A little information about this application; In short, the application scrapes data from a webpage & stores specific information from this page into a database. The important information in this query is: Player name, Position. There can be multiple sitting at one specific position, kill points & Class
Player name has every potential to change or remain the same every day
Regarding the Position, there can be multiple sitting in one position
Kill points has the potential to increase or remain the same every day
Class, there is only 2 possibilities that a name can be, Ex: A can change to B or remain A (same in reverse), but cannot be C,D,E,F
The player name can change at any particular day, Position can also change dependent on the kill point increase from the last update which spins back around to the goal. This is to search the database day by day, from the current date to as far back as 2021-02-22 starting at the most recent entry for a player name and back track to the previous day to check if that player name is still the same or has changed.
What is being used as a main reference to the change is the kill points. As the days go on, this number will either be the exact same or increase, it can never decrease.
So now onto the implementation of this application.
The first query which runs finds the most recent entry for the player name
SELECT TOP(1) * FROM [changes] WHERE [CharacterName]=#charname AND [Territory]=#territory AND [Archived]=0 ORDER BY [Recorded] DESC
Then continue to check the previous days entries with the following query:
SELECT TOP(1) * FROM [changes] WHERE [Territory]=#territory AND [CharacterName]=#charname AND [Recorded]=#searchdate AND ([Class] LIKE '%{Class}%' OR [Class] LIKE '%{GetOpposite(Class)}%' AND [Archived]=0 )

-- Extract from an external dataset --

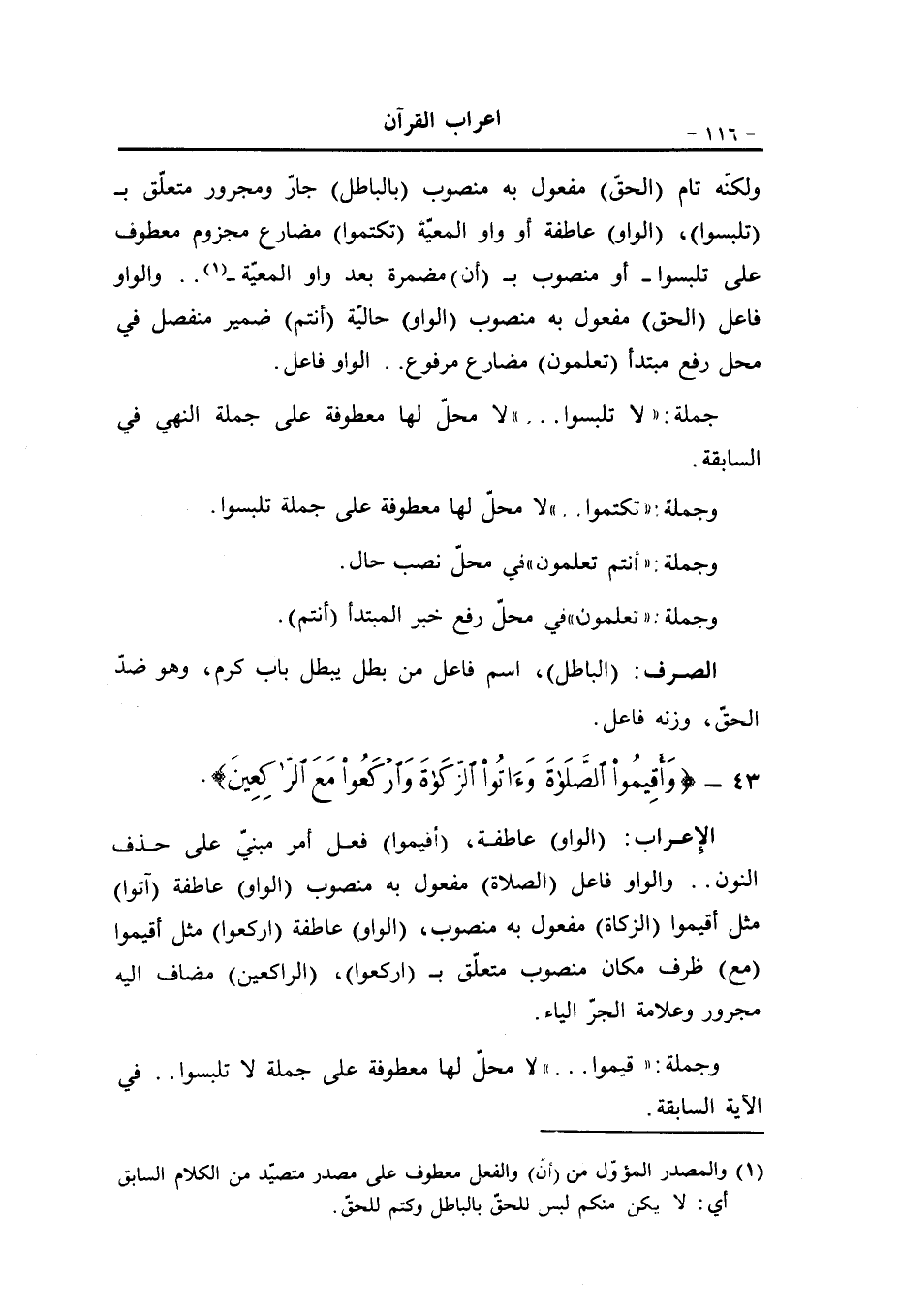 ولكنّه تام (الحقّ) مفعول به منصوب (بالباطل) جارّ ومجرور متعلّق ب (تلبسوا) ، (الواو) عاطفة أو واو المعيّة (تكتموا) مضارع مجزوم معطوف على تلبسوا- أو منصوب ب (أن) مضمرة بعد واو المعيّة- «1» .. والواو فاعل (الحق) مفعول به منصوب (الواو) حاليّة (أنتم) ضمير منفصل في محل رفع مبتدأ (تعلمون) مضارع مرفوع.. الواو فاعل.

If no results are found, will then proceed to find an alternative name with the following query:
SELECT TOP(5) * FROM [changes] WHERE [Kills] <= #kills AND [Recorded]='{Data.Recorded.AddDays(-1):yyyy-MM-dd}' AND [Territory]=#territory AND [Mode]=#mode AND ([Class] LIKE #original OR [Class] LIKE #opposite) AND [Archived]=0 ORDER BY [Kills] DESC
The aim of the query above is to get the top 5 entries that are the closest possible matches & Then cross references with the day ahead
SELECT COUNT(*) FROM [changes] WHERE [CharacterName]=#CharacterName AND [Territory]=#Territory AND [Recorded]=#SearchedDate AND [Archived]=0
So with checking the day ahead, if the character name is not found in the day ahead, then this is considered to be the old player name for this specific character, else after searching all 5 of the results and they are all found to be present in the day aheads searches, then this name is considered to be new to the table.
Now with the date this application started to run up to today's date which is over 400 individual queries on the database to achieve one goal.

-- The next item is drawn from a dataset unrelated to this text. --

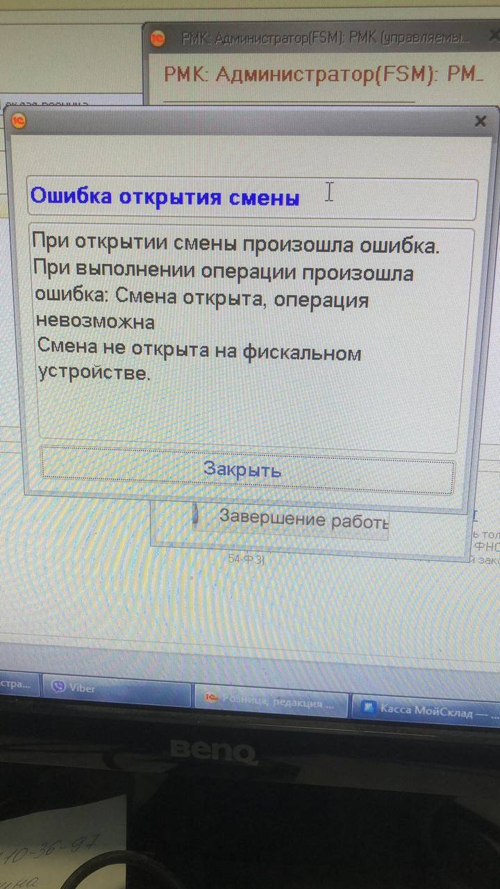 Ошибка на рабочем месте кассира При открытии смены произошла ошибка. При выполнении операции...

It is also worth a noting that this table grows by 14,400 - 14,500 Rows each and every day.
The overall question to this specific? Is it possible to bring all these queries into less calls onto the database, reduce queries & improve performance?
What you can do to improve performance will be based on what parts of the application stack you can manipulate. Things to try:
Store Less Data - Database content retrieval speed is largely based on how well the database is ordered/normalized and just how much data needs to be searched for each query. Managing a cache of prior scraped pages and only storing data when there's been a change between the current scrape and the last one would guarantee less redundant requests to the db.

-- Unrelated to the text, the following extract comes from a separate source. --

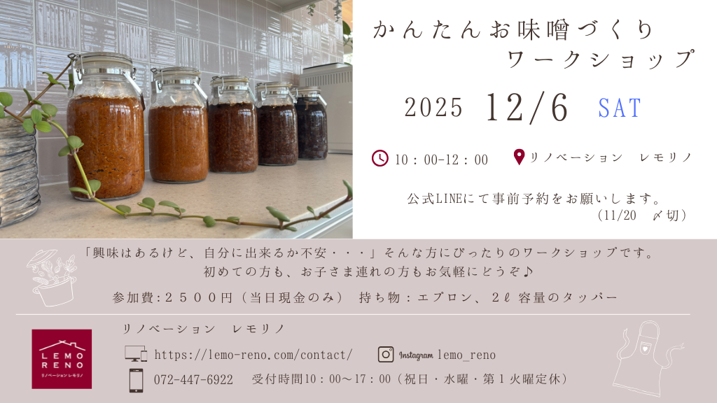 『簡単お味噌づくりワークショップ』開催のお知らせ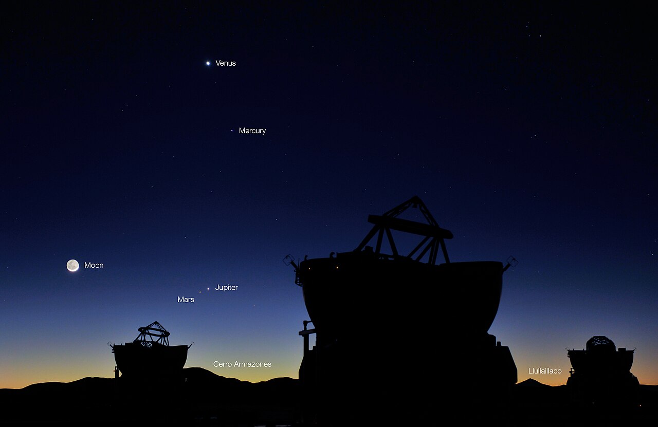 - Двоглед ги гледате сите три во исто поле. Нептун, со сјај +7,8 mag, ќе изгледа како ситна, матно‑сина точка до Сатурн; без оптика останува невидлив.

Separate specific classes of data - Separating data into dedicated tables would allow you to query a specific table for a specific character, etc... effectively removing one where clause.
Reduce time between queries - Less incoming concurrent requests means less resource contention and faster response times to prior requests.
Use another data structure - The only reason you're using top() is because you need data ordered in some specific way (most-recent, etc...). If you just used a code data structure that keeps the data ordered and still easily-query-able you could then perhaps offload some sql requests to this structure instead of the db.
The suggestions above are not exhaustive, but what you do to improve performance is largely a function of what in the application stack you have the ability to modify.
Imagine you have to display information about rainfall based on cities over time.
You have tables the provides the details on how much it rains in a specific city for every hour. There is an endpoint that returns the average amount of rainfall for the timeframe/city requested.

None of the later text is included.